STUART, Fla.--(BUSINESS WIRE)-- Seacoast Banking Corporation of Florida (“Seacoast” or the “Company”) (NASDAQ: SBCF), the holding company for Seacoast National Bank (“Seacoast Bank”), announced today that it has signed a definitive agreement to acquire Heartland Bancshares, Inc. (“Heartland”), parent company of Heartland National Bank based in Sebring, FL. The proposed transaction will expand Seacoast’s presence into this key Central Florida market.

Heartland operates four branches with deposits of approximately $641 million and loans of approximately $161 million as of December 31, 2024. The proposed transaction is a natural continuation of Seacoast’s M&A strategy and adds a stable, high-quality franchise in a growing market.

“Heartland has an outstanding reputation for exceptional service and strong financial performance, with a deep commitment to the communities it serves for over 25 years, and we look forward to continuing Heartland’s dedication to its customers, employees and shareholders.
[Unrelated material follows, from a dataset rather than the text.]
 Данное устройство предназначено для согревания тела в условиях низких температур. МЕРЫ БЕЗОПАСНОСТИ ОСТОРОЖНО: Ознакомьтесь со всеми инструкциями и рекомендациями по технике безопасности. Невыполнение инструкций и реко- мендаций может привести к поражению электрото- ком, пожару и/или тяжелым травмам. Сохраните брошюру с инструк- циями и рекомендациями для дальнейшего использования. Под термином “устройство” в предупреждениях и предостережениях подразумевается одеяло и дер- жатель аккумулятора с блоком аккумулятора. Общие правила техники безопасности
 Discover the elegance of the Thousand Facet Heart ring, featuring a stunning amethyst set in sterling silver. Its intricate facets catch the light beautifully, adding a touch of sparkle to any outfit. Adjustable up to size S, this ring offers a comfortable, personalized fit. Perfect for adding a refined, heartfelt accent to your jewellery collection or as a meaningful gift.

We see great opportunity in complementing Heartland’s strengths with Seacoast’s innovative products and breadth of offerings to grow our presence and expand our position in the state,” said Charles M. Shaffer, Seacoast’s Chairman and CEO. “The transaction is expected to be accretive to earnings in 2026 with modest dilution of tangible book value. We look forward to welcoming Heartland’s employees and customers to the Seacoast franchise.”
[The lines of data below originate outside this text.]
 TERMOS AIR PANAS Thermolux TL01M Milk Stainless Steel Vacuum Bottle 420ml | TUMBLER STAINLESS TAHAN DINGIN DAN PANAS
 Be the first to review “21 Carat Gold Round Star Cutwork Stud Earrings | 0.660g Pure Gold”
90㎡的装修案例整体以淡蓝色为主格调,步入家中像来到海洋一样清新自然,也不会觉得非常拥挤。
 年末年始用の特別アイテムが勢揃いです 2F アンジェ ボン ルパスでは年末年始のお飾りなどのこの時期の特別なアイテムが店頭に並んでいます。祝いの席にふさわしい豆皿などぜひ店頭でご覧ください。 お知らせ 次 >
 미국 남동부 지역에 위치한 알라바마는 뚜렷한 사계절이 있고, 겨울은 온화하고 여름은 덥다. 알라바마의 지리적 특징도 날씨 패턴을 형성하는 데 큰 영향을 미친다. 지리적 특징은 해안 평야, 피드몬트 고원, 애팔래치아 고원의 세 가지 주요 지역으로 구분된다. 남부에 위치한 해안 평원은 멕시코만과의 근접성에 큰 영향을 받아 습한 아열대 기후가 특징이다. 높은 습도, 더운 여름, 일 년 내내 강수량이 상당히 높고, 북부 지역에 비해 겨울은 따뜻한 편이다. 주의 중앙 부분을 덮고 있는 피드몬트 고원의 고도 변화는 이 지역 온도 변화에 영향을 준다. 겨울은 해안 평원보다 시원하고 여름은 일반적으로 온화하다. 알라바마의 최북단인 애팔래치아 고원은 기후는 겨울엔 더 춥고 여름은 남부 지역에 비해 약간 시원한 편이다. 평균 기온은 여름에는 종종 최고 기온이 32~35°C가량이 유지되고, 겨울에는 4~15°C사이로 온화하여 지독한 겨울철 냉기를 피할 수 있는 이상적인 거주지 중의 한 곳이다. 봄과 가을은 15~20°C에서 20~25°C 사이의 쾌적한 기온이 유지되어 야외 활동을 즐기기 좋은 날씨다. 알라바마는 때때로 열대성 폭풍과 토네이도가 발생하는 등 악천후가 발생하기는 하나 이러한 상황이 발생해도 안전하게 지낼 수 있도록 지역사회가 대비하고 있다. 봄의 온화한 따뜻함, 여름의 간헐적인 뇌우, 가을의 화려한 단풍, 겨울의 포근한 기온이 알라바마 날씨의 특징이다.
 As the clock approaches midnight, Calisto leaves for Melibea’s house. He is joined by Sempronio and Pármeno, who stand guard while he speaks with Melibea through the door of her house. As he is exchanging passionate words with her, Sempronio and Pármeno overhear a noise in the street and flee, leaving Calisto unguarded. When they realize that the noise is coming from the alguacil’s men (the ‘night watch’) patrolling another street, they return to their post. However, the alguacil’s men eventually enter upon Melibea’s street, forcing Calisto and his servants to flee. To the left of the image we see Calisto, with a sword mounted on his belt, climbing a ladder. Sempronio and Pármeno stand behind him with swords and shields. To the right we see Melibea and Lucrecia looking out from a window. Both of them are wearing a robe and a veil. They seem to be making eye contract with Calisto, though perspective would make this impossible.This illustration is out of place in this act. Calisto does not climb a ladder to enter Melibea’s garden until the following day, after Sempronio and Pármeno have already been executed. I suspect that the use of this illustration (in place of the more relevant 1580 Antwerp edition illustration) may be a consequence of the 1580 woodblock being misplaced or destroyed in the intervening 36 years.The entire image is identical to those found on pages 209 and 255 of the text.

“Since its founding in 1999, Heartland has been committed to providing the very best banking experience for our customers. Now, in partnership with Seacoast, we are positioned to further accelerate this commitment, creating a best-in-class banking experience supported by a great team of professionals,” said James C. Clinard, Chief Executive Officer of Heartland Bancshares, Inc. and Heartland National Bank.“ We are delighted to join forces with Seacoast Bank, which shares our values and has been serving Florida consumers and businesses for nearly a century.”

The proposed transaction exemplifies Seacoast’s M&A focus on consolidation or entry into attractive markets, low concentration risks, high-quality relationship supported franchises, and ease of execution that does not distract from its organic growth strategy. Seacoast expects the transaction to be approximately 7% accretive to earnings per share in 2026, with modest dilution of tangible book value per share that it expects will be earned back in approximately 2.25 years.

Under the terms of the definitive agreement, each share of Heartland common stock will be converted at closing into the right to receive (i) $147.10 in cash, (ii) 4.9164 shares of Seacoast common stock (subject to certain potential adjustments) or (iii) a 50-50 combination of cash and common stock, or a total value of $141.96 per share of Heartland common stock. Shareholders will have the ability to elect to receive stock, cash, or a mix of 50% cash and 50% stock, with the final consideration mix being maintained at 50% cash and 50% stock. Based on Seacoast’s closing price of $27.83 as of February 26, 2025, the aggregate value of merger consideration to be paid by Seacoast would be approximately $110 million.

Closing of the transaction is expected in the third quarter of 2025, following receipt of approvals from regulatory authorities, the approval of Heartland shareholders, and the satisfaction of other customary closing conditions.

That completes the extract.